23.4 Vrijwaringszone - molenbiotoop - zichtas
Toegestane functie(s)   Nadere voorwaarden  
De gronden ter plaatse van de aanduiding 'vrijwaringszone - molenbiotoop - zichtas' zijn, behalve voor de daar voorkomende bestemmingen, mede bestemd voor de bescherming van de functie van de molen als werktuig en zijn waarde als landschapsbepalend element.   Ter plaatse van de aanduiding 'vrijwaringszone - molenbiotoop - zichtas' zijn in afwijking van het bepaalde in artikel 23.3 bomen en andere opgaande beplanting niet toegestaan.  

Artikel 24 Algemene afwijkingsregels

  Afwijken met een omgevingsvergunning van het bepaalde in dit plan is mogelijk van:   Nadere voorwaarden:  
a.   de in het plan genoemde goothoogten, bouwhoogten, oppervlaktematen en percentages en afstandseisen, tot maximaal 10% van deze hoogten, maten, percentages en afstandseisen   1. de belangen van de eigenaren en/of gebruikers van betrokken en nabijgelegen gronden worden niet onevenredig geschaad;

2. het straat- en bebouwingsbeeld en de verkeersveiligheidsbelangen worden niet onevenredig geschaad.  
b.   de regels voor het toestaan van het overschrijden van bouwgrenzen tot maximaal 2,5 m   1. de belangen van de eigenaren en/of gebruikers van betrokken en nabijgelegen gronden worden niet onevenredig geschaad;

2. het straat- en bebouwingsbeeld en de verkeersveiligheidsbelangen worden niet onevenredig geschaad.

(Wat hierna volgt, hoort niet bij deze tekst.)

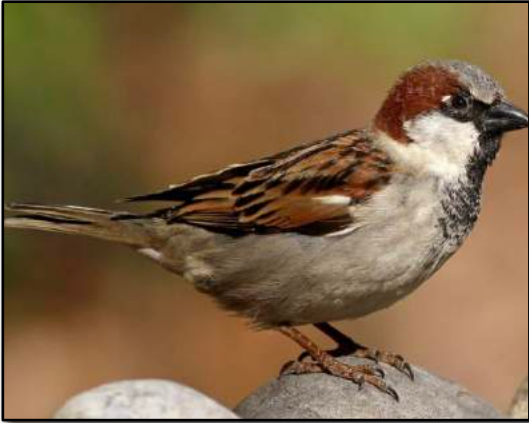
Male House Sparrow

Male House Sparrows are brightly colored birds with gray heads, white cheeks, a black bib, and rufous neck.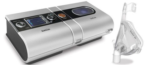
S9 VPAP™ ST-A with iVAPS

The S9 VPAP™ ST-A with iVAPS (intelligent Volume-Assured Pressure Support) provides personalized non-invasive ventilation therapy. It offers all the comfort features of the S9 device such as climate control, along with iVAPS that automatically changes pressure support based upon the therapy pressure required to reach the set therapy target. Combined with the lightweight Quattro Air full face mask, ResMed delivers a complete therapy solution designed for performance and comfort.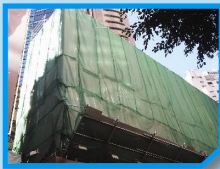
採用雙層隔聲帆布進行嘈雜的工程。 Double-layered acoustic sheet was erected adjacent to noisy works.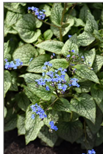
Queen of Hearts Bugloss flowers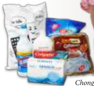
Chong Pang – Minister K Shanmugam gives out a goodie bag filled with essential items

Across all five divisions, our MPs led the distribution of goodie bags and cakes to our cleaners during the Christmas period to thank them for their contribution. The goodie bags, which consist of toiletries, masks, dried foods and other necessary daily household items, were prepared by a resident, her family and friends.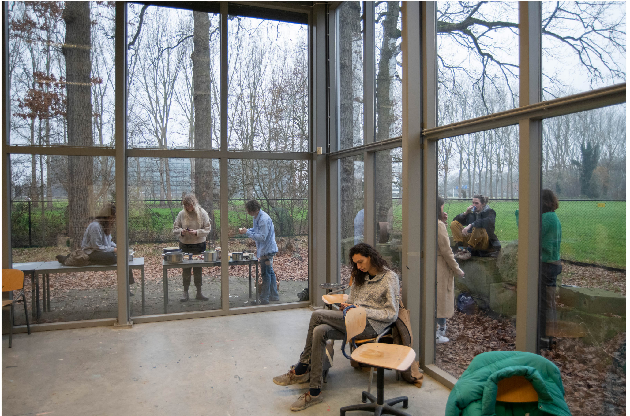
It is part XXVII of an ensemble, and this ensemble is no longer necessarily ceremonial, 2021 workshop AKV St. Joost, Breda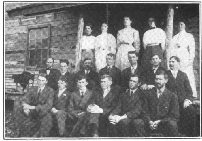
SUNDAY-SCHOOL WORKERS IN THE NORTH CAROLINA MOUNTAINS

In home missionary enterprise the simple life is a thing of the past. Within the memory of the youngest secretary of home missions all missionary effort was frontier or pioneer work. It was the organizing and building of new churches in new communities to accommodate the shifting centers of population. Now the frontier shifts to our crowded cities or disintegrating rural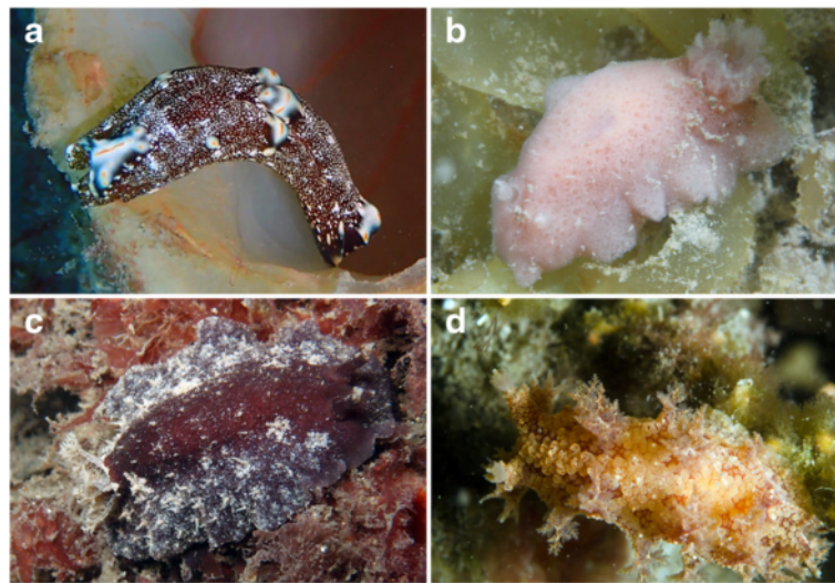
Fig. 2 a. Philinopsis orientalis . Fly Point, 14 February, 2015. b. Jorunna ramicola . Pipeline, 30 November, 2013. c. Thordisa tahala . Little Beach, 15 January, 2015. d. Marionia pustulosa . Seahorse Gardens, 7 March, 2015.

protection from the effects of strong southerly winds and large ocean swells. The tidal range in the sheltered port is approximately 1.4 m (Creese & Wales, 2009) and the average depth is 14 m (Poulos et al., 2015).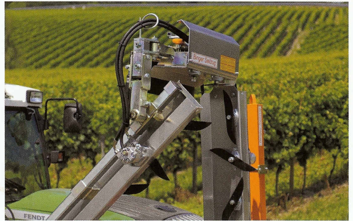
Impact protector on the over-row side

Models AC 3, AU 3 and AU 3V have manual cutting width adjustment. The AU models have angle adjustment, and impact protection on the outer cutter beam as standard.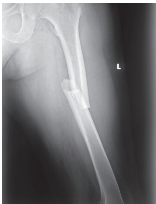
Figure 1. The patient's left femur at the time of the first fracture. A transverse femoral shaft fracture with lateral cortical hypertrophy and medial spiking.

This fracture also healed in 5 months with callus formation (Figure 3). In view of reports linking this pattern of femoral shaft fractures to long-term alendronate therapy (Neviaser et al. 2008) and considering the anti-resorptive mechanism of action of the denosumab, treatment with teriparatide (20 µg subcutaneously once a day) and vitamin D was commenced and denosumab was stopped.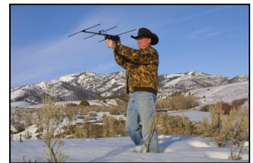
Bird on ground

Hint: If both horizontal and vertical signals can be heard, use horizontal for better pinpoint accuracy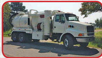
1998 Ford with Keith Huber King Vac Hazardous Unit

Cat C-13, 8LL, Hendrickson spring/beam susp., 14,600K/46k, full lockers, jake, ac, cruise, National vac pump, 24" manway, Central Star 3,200 gal. single barrel tank, block heater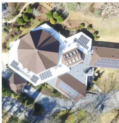
Trinity Presbyterian Church in Hendersonville, North Carolina, installed 129 solar panels in 2019, reducing its electricity consumption by 90% compared to the previous year. It's since become an Earth Care Congregation, promoting sustainability and environmental awareness.

Many of us in the Presbyterian Church (U.S.A.) — which has had decades of policy and theology that affirm our calling and responsibility to care for God's Creation — are reeling from the new administration's attack on environmental and climate change commitments.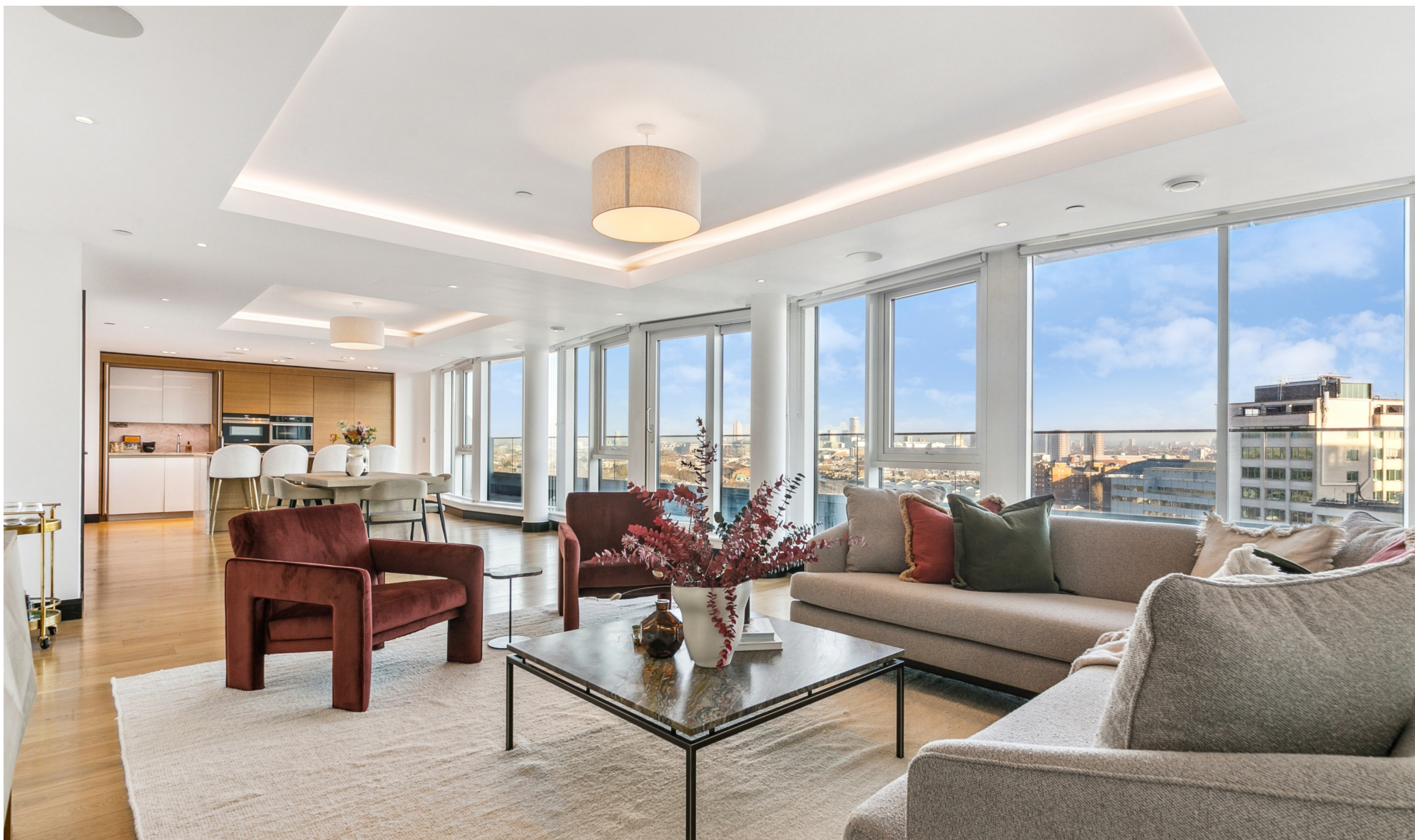
Lancaster House Hammersmith W6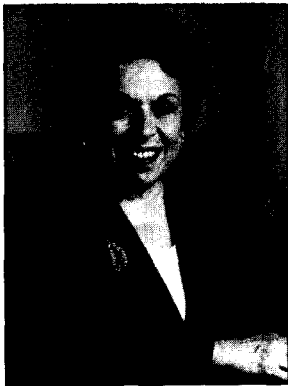
Donna E. Shalala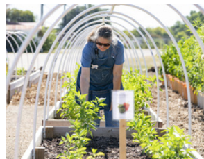
A Texas Master Gardener working on the Dallas county urban farm.

The Master Gardener program trains volunteers to increase the availability of homeowner information to the public utilizing social media, speaking events, demonstrations, phone calls and emails. There is always someone on our volunteer team to answer your questions.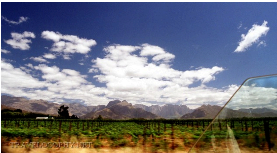
Vinyards and Clouds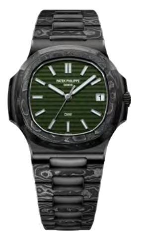
THE BLACK GRAIL KHAKI 179990 €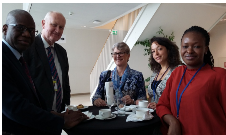
WFWPI event organizers and panelists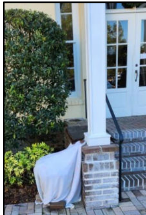
2022 Plants covered for the holiday freeze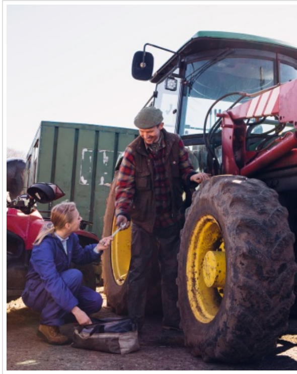
Figure 5.1: Regular maintenance and inspection of all tractor components are vital for longevity.

Glow plugs should be replaced as a set, even if only one is found to be faulty. This ensures consistent performance across all cylinders and prevents premature failure of other older glow plugs. Follow the installation steps outlined in Section 3 for replacement.

3. de overschrijding is noodzakelijk in verband met de uitmeting van het terrein of uit een oogpunt van doelmatig gebruik van de gronden en/of bebouwing.  
c.   de regels voor het toestaan van bouwwerken, geen gebouwen zijnde met een bouwhoogte van maximaal 10 m, of een zend-, ontvang- en/of sirenemast met een bouwhoogte van maximaal 40 m   1. de belangen van de eigenaren en/of gebruikers van betrokken en nabijgelegen gronden worden niet onevenredig geschaad;

2. het straat- en bebouwingsbeeld en de verkeersveiligheidsbelangen worden niet onevenredig geschaad.  
d.   de regels voor het toestaan van niet voor bewoning bestemde gebouwen met een inhoud van maximaal 50 m³ en een bouwhoogte van maximaal 5 m, ten dienste van openbaar nut, zoals schakelhuisjes, wachthuisjes, tranformatorhuisjes, alsmede andere bouwwerken, zoals muurtjes, standbeelden en lichtmasten   1. de belangen van de eigenaren en/of gebruikers van betrokken en nabijgelegen gronden worden niet onevenredig geschaad;

2. het straat- en bebouwingsbeeld en de verkeersveiligheidsbelangen worden niet onevenredig geschaad.  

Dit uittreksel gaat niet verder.